[Information provided]
=== Begin Enclosure ===

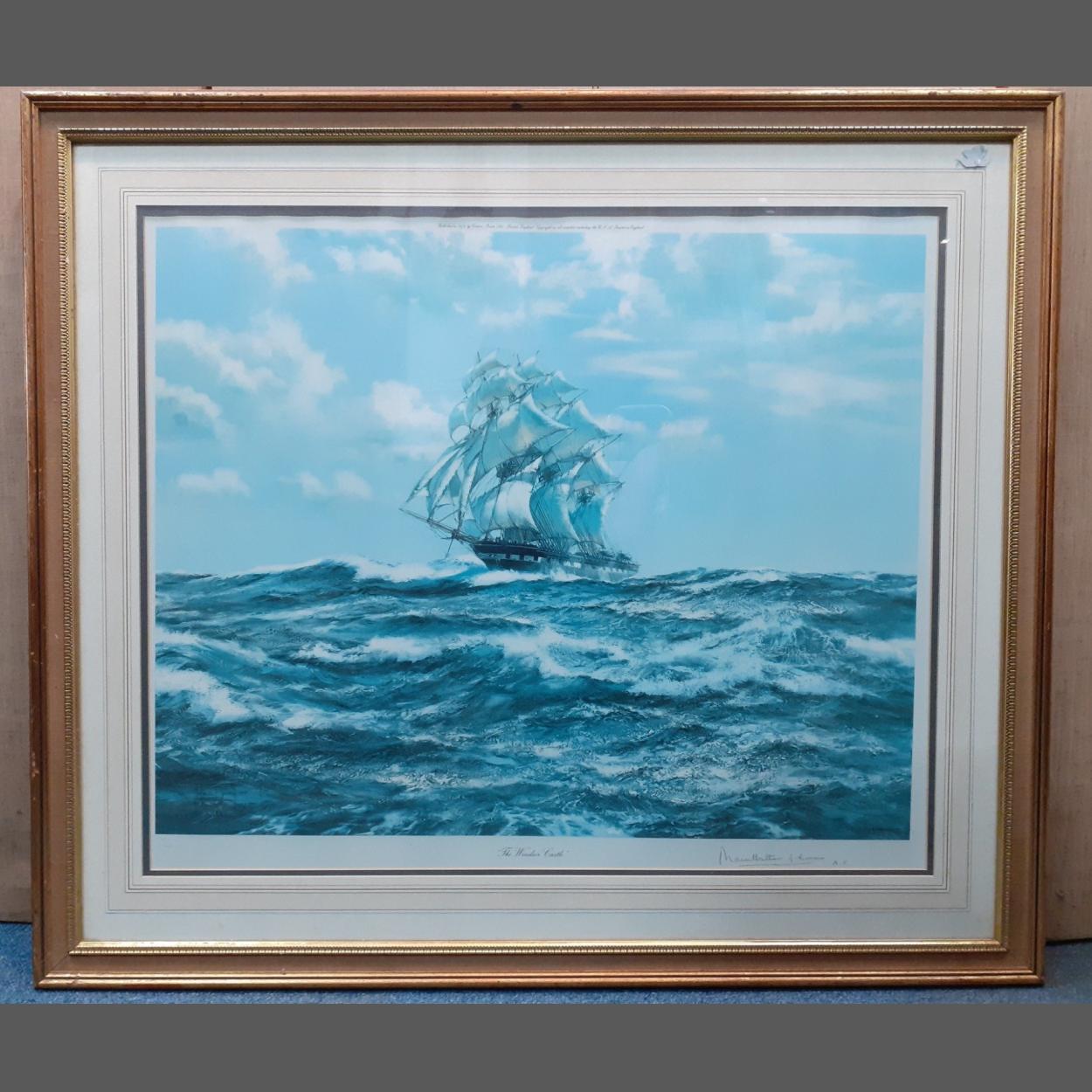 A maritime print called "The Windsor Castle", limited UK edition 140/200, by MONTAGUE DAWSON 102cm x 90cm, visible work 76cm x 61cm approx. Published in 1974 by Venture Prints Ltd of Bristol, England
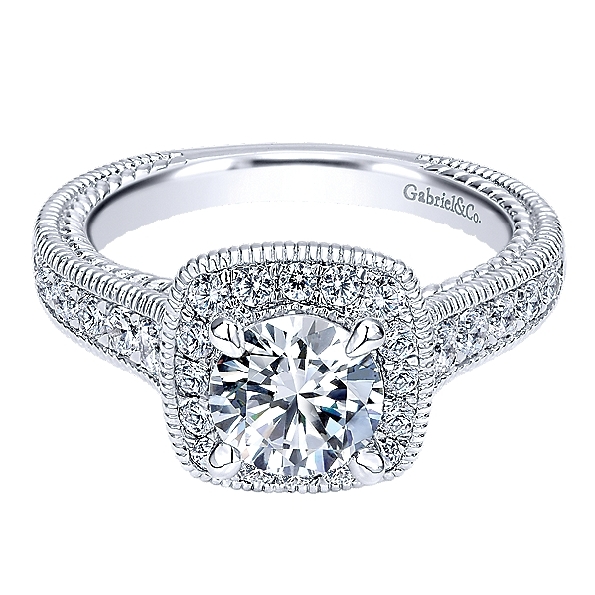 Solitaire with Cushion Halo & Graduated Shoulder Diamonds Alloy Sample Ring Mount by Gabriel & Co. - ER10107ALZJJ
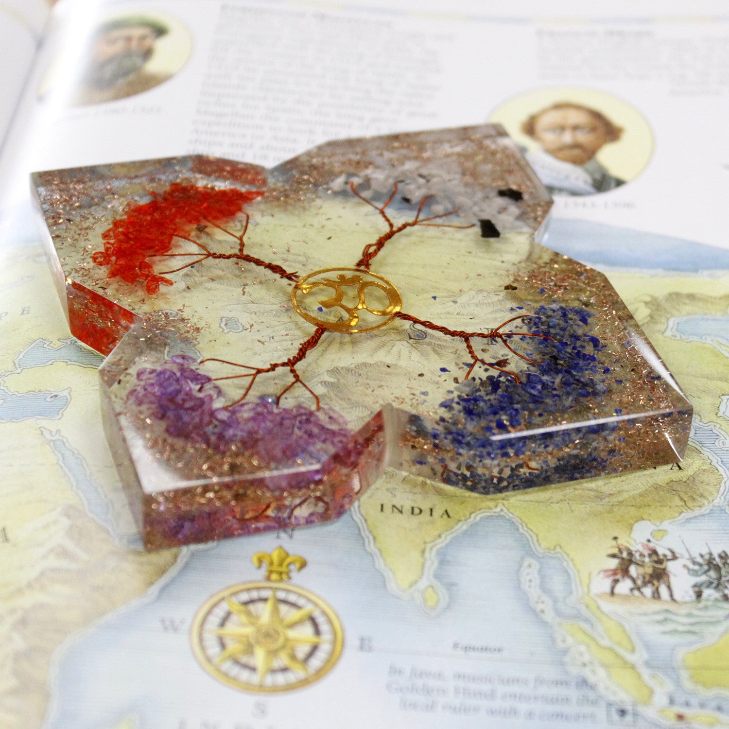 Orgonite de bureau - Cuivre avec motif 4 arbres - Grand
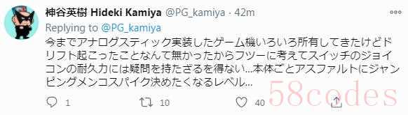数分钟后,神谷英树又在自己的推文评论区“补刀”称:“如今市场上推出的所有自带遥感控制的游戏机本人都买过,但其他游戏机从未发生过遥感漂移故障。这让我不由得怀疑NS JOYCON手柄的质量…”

=== End Enclosure ===

[Work to be completed] Give the listing again word for word, but drop every picture.

[Solution for this problem]
 A maritime print called "The Windsor Castle", limited UK edition 140/200, by MONTAGUE DAWSON 102cm x 90cm, visible work 76cm x 61cm approx. Published in 1974 by Venture Prints Ltd of Bristol, England
 Solitaire with Cushion Halo & Graduated Shoulder Diamonds Alloy Sample Ring Mount by Gabriel & Co. - ER10107ALZJJ
 Orgonite de bureau - Cuivre avec motif 4 arbres - Grand
数分钟后,神谷英树又在自己的推文评论区“补刀”称:“如今市场上推出的所有自带遥感控制的游戏机本人都买过,但其他游戏机从未发生过遥感漂移故障。这让我不由得怀疑NS JOYCON手柄的质量…”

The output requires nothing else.